NOSTALGIA DEL SILENCIO Y EL DESIERTO

Apuntes

Hace muchos años que no hago unos Ejercicio por el método de San Ignacio. Desde que empecé a comprender que el Vaticano II era una infecta apostasía anticatólica; desde que empecé a comprender que la que parecía ser la Iglesia Católica no era la secta del Vaticano  II y desde que en consecuencia empecé a separarme de todo seguidor de tan nefasta secta, mis posibilidades de realizar unos ejercicio han sido cada vez más difíciles y remotas, hasta el punto de hacerse imposible.

Recientemente asistí a una reunión de católicos españoles en la provincia de Madrid. No eran solo entre 30 o 40 personas. pero para la fe que hay en España mi parecieron muchos. Y de alguna  manera la reunión tenía remotamente la forma de un retiro o hasta unos ejercicios: estábamos recluidos en una casa de ejercicio durante unos días, y aparte de  las misas, exposiciones y confesiones, existían una serie de charlas.  
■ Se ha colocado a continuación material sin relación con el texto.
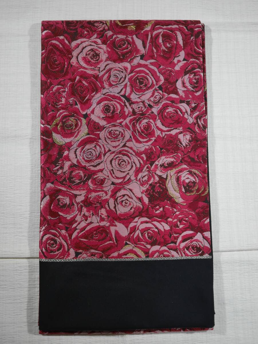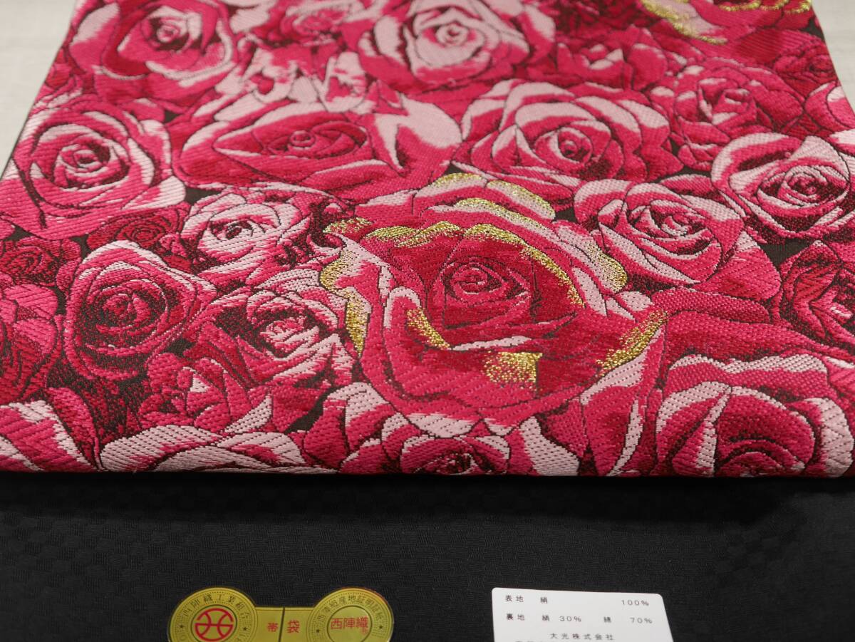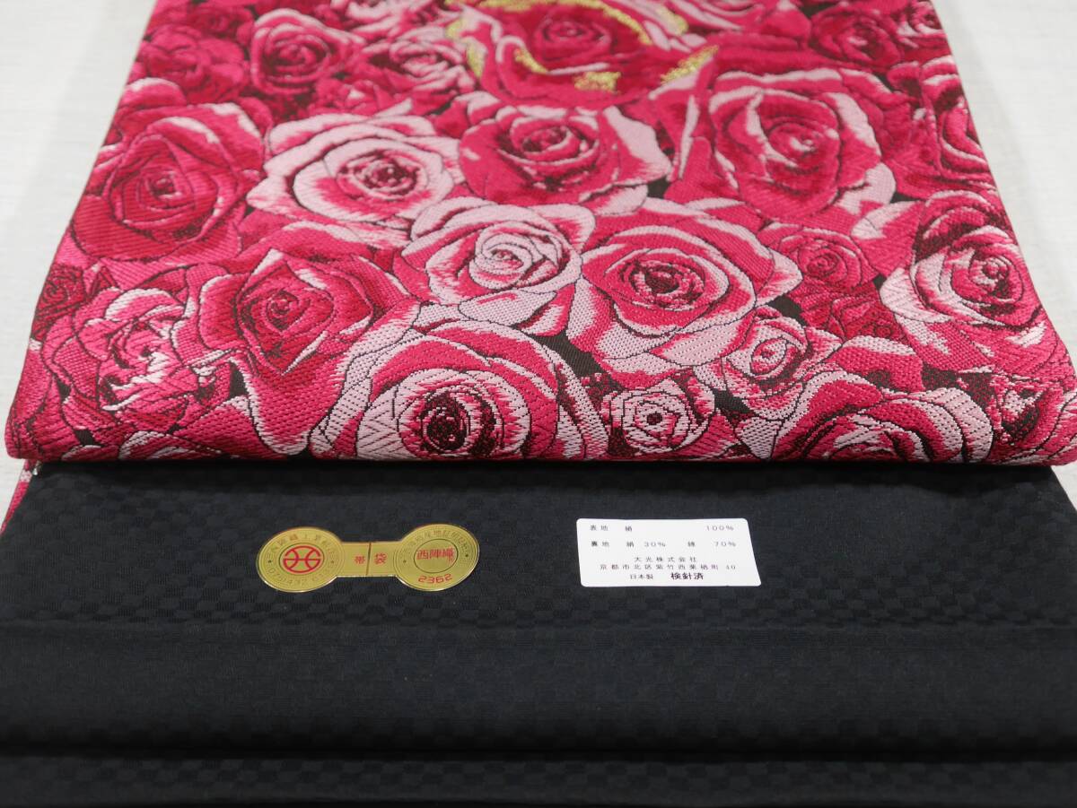 西陣織の名門大光(株)より織りあがったばかりの袋帯です。黒の帯地に満開の赤バラが咲き誇る上品なエレガントな袋帯です。周りの皆の雰囲気が明るくなって和やかな雰囲気となります。粋なお着物、お洒落なお着物の柄合わせにいかがでしょうか。お仕立てには三河の綿芯を入れ手縫い仕立てを致します。お仕立て上がりには3~5日のご猶予お願い致します。

Pero para mí de tal reunión lo menos gratificante fue que se concibió como una especie de convivencia: la gente hablaba entre ella mucho y en todo momento… ¡Y cómo eche de menos el silencio de unos ejercicios!

En la habitual vida social de hoy estamos centrados en los demás… o en realidad en nosotros mismos. Nos centramos en dar buena impresión a los demás, en tener gente que nos apruebe… Estamos centrados en nosotros y en el reconocimiento que los demás nos puedan dar… Y eso hace que Dios desaparezca de nuestro horizonte.

Vivimos en un mundo de ruido y acciones. Y la pregunta que la gente se hace cada día es “¿Qué voy a hacer hoy,  cómo me voy a divertir, con quién voy a estar…” El hombre moderno tiene terror a la soledad… y esa es una de las razones del éxito de las redes sociales. En este hombre moderno se cumple la frase del Macbeth de Shakespeare: «La vida es un cuento contado por un idiota, lleno de ruido y de furia, que no tiene ningún sentido».

En cambio el silencio, el desierto nos lleva fácilmente  a Dios. El desierto y el silencio nos lleva a lo esencial; nos lleva a cuestiones como que hemos de morir, hemos de sufrir un juicio, existe el cielo y el Infierno  y solo el Señor salva.

Y probablemente ni nostalgia de unos tiempos en que aún hacia Ejercicios es la nostalgia del silencio y el desierto. La misma nostalgia que llevaba a los cristianos que de verdad le interesaba Dios, a buscar esas cosas: Los padres del desierto que siempre han sido el verdadero modelo y sostén de nuestra búsqueda de santidad.